When I think of the difference between "proper English" and "improper English" I'm reminded of My Fair Lady. "The rain in Spain stays mainly on the plain" Eliza vs Henry Higgins (or 'enry 'iggins if you're feeling improper)

[–] lvxferre@mander.xyz 3 points 2 months ago

I agree with most of what you said so I'll focus only on a specific point, OK?

That’s the point of language. Convey information. If the information is conveyed, then language has done its job. Yay language.

There's another point of language, besides conveying information, that is relevant here: identity. Different people speak different varieties because this allows them to express "this is who I am, I speak like my peers".

That's why AAE speakers use their varieties on first place - it's a way to tell the world "I'm black, this is who I am, I identify myself with other black people". And also why those varieties get such a stigma - because in USA, they want people to feel bad for being who they are, if they're black. (NB: I'm not from USA, but this is so fucking obvious that even an external observer gets it.)

[–] barsquid@lemmy.world 1 points 2 months ago

Habitual be is one of the greatest gifts any language has ever received and we are all richer for it.

[–] geophysicist@discuss.tchncs.de -1 points 2 months ago (1 children)

Of course there is a proper english. As defined by standard grammatical rules of the English language. A dialect is a variation upon that. I am not saying "black people don't speak proper English". There are plenty of black people who speak proper English, the same as there are plenty of white people who speak proper English and plenty of white people who speak dialects. I am saying that any and all dialects are not formal English, by definition of what the grammatical rules of the language are

[–] theilleists@lemmy.world 3 points 2 months ago (1 children)

What is the governing body of your alleged "proper English"?

[–] geophysicist@discuss.tchncs.de 1 points 2 months ago* (last edited 2 months ago) (1 children)

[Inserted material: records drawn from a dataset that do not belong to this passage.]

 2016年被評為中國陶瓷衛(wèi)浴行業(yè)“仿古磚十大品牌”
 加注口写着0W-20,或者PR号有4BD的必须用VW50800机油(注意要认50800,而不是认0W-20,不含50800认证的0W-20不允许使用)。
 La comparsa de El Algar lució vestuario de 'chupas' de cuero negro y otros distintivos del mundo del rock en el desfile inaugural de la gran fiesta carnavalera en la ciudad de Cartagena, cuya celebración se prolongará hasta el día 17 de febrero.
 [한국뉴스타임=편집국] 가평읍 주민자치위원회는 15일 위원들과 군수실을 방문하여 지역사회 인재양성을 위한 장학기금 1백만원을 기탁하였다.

You do understand that English has grammatical rules, right? That's not up for debate. It's not controversial to say that standard English would be following the standard spellings and grammatical rules for the language. If you genuinely don't know what those are, then please buy a dictionary or hire an English teacher. You could also look up what the rules are for the English language exam required to become a citizen. These are taught in schools around the world. About the extent that the rules vary is if you are learning American English or British English. Each of those two has the backing of a nation state

[–] theilleists@lemmy.world 1 points 2 months ago* (last edited 2 months ago) (1 children)

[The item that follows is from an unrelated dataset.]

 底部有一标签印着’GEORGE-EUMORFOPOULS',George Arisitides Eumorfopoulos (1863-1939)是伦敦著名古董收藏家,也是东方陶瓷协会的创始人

I have a degree in linguistics. The most important thing it taught me is that there is a widely believed fiction, almost like a religion, underlying prescriptivist grammar. For the sake of social advancement, if you have both the means and the talent, it's generally necessary to learn a list of arbitrary but extremely complicated prestige markers for your language, to earn the approval of the self-appointed priestly caste of grammarians, in order to rub shoulders with the rich and powerful. An overly complex shibboleth.

It's a mechanism to oppress the lower classes while maintaining the pretense of pure meritocracy, by declaring arbitrarily that the dialect which is already spoken and written in the homes of the upper class children is proper, and all other dialects are improper, then implying that the "failure" of lower class children to acquire the prestige markers is an intellectual shortcoming, rather than the absence of privilege.

Can you buy books and hire tutors to learn these prestige markers? Of course. Is there general agreement among members of this cult about what their own rules are? Sure. If you choose not to use them, is your English "improper"? Absolutely not. It's different but equal, as long as your meaning is clear. I would wager that more than 90% of people do not go even one day without saying or writing some example of "improper" English, which is nevertheless understood perfectly well by the recipient. Successful transmission of the message is the only true test of linguistic legitimacy. Everything else is performative.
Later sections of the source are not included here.